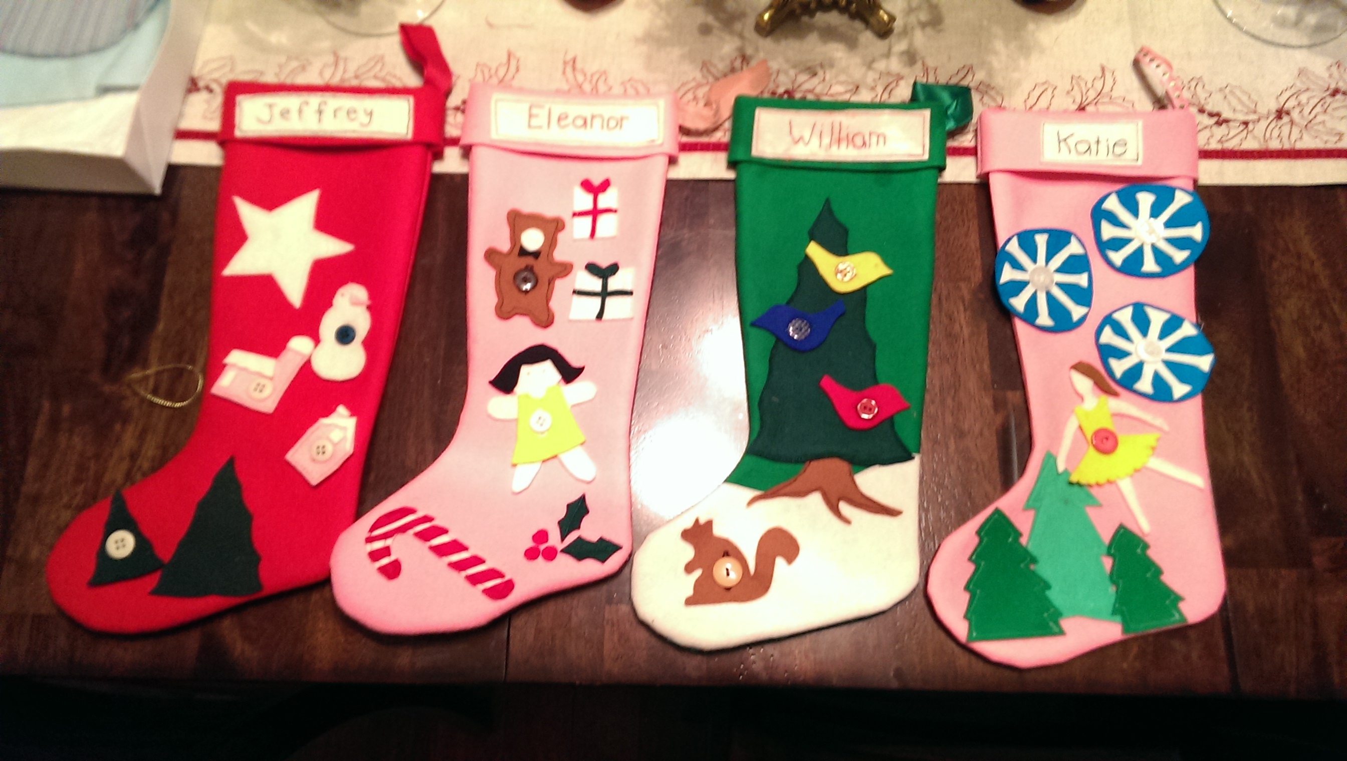 I got really crafty in the last few days before Christmas, mainly trying to make and complete Katie’s Christmas stocking in time for the holiday. Here are the work-in-progress photos:
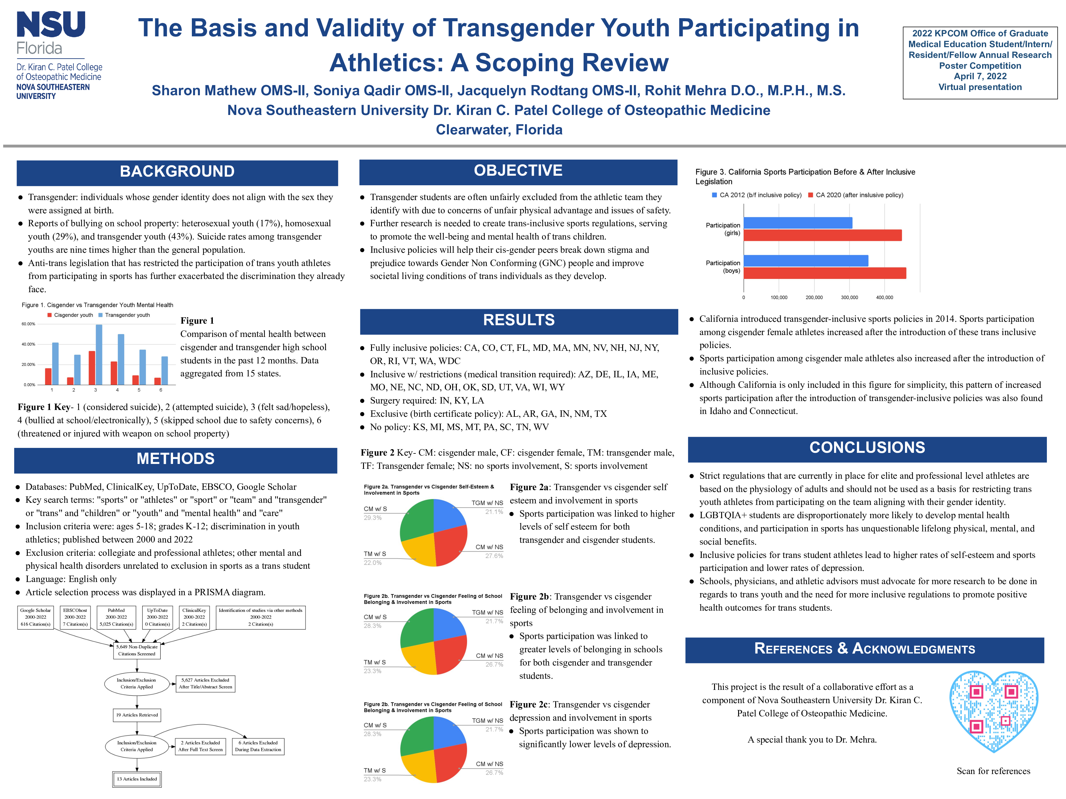 Conclusions: Strict regulations that are currently in place for elite and professional level athletes are based on the physiology of adults and should not be used as a basis for restricting trans youth athletes from participating on the team aligning with their gender identity. LGBTQIA+ students are disproportionately more likely to develop mental health conditions, and participation in sports has unquestionable lifelong physical, mental, and social benefits. Considering this, schools, physicians, and athletic advisors must advocate for more research to be done in regards to trans youth and the need for more inclusive regulations to promote positive health outcomes for trans students.
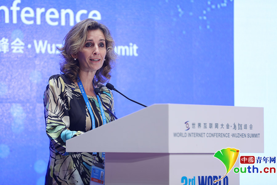 西班牙電信數(shù)字化教育公司首席執(zhí)行官卡羅琳娜發(fā)言。中國青年網(wǎng)記者 張炎良 攝
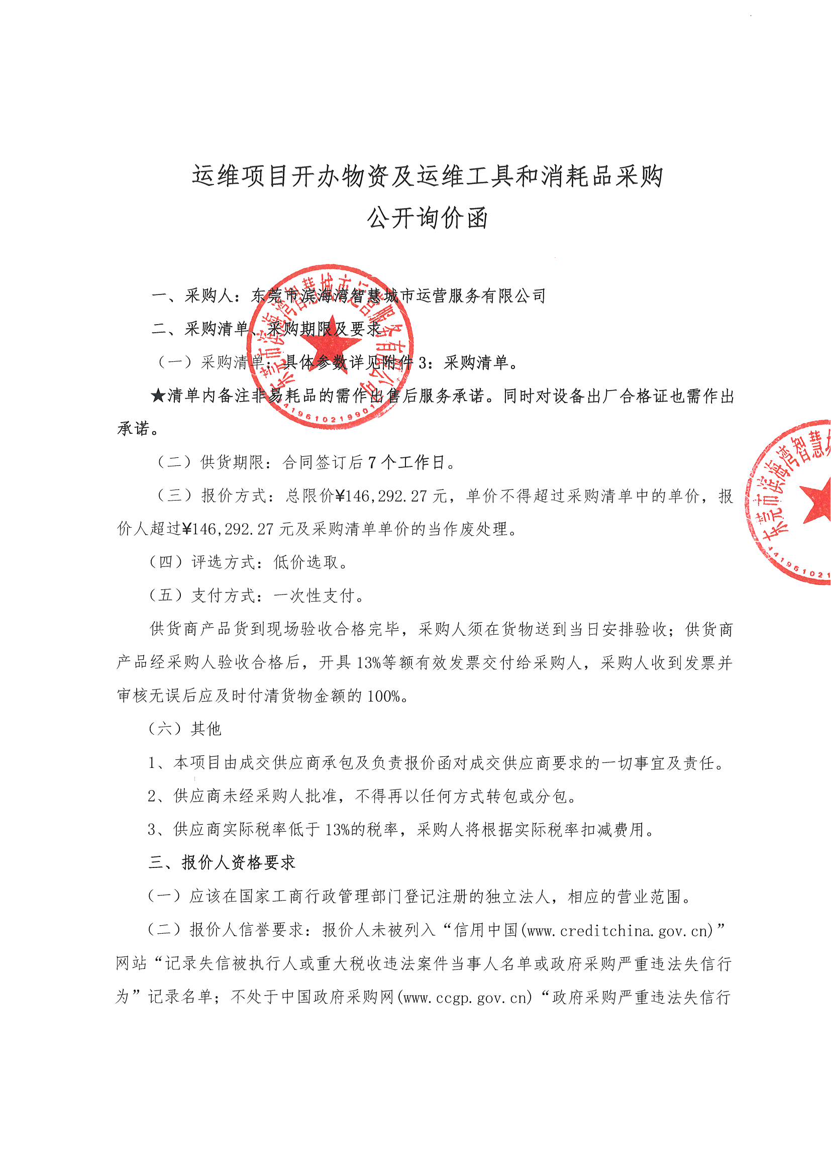 运维项目开办物资及运维工具和消耗品采购公开询价函
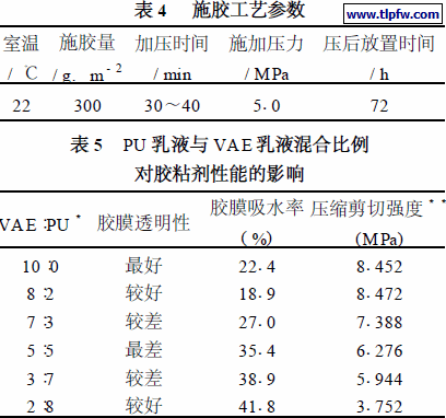 我们选用PVA 的含量为9 % , MDI 的加入量为1.5g 的PU 乳液与VAE 乳液混配并进行改性研究. 按图1 和表4 所示的工艺参数制样, 现将各项实验结果列入表5.

BRIEF:
From start to finish, output the listing exactly, but omit its pictures.

THE ANSWER:
 I got really crafty in the last few days before Christmas, mainly trying to make and complete Katie’s Christmas stocking in time for the holiday. Here are the work-in-progress photos:
 Conclusions: Strict regulations that are currently in place for elite and professional level athletes are based on the physiology of adults and should not be used as a basis for restricting trans youth athletes from participating on the team aligning with their gender identity. LGBTQIA+ students are disproportionately more likely to develop mental health conditions, and participation in sports has unquestionable lifelong physical, mental, and social benefits. Considering this, schools, physicians, and athletic advisors must advocate for more research to be done in regards to trans youth and the need for more inclusive regulations to promote positive health outcomes for trans students.
 西班牙電信數(shù)字化教育公司首席執(zhí)行官卡羅琳娜發(fā)言。中國青年網(wǎng)記者 張炎良 攝
 运维项目开办物资及运维工具和消耗品采购公开询价函
 我们选用PVA 的含量为9 % , MDI 的加入量为1.5g 的PU 乳液与VAE 乳液混配并进行改性研究. 按图1 和表4 所示的工艺参数制样, 现将各项实验结果列入表5.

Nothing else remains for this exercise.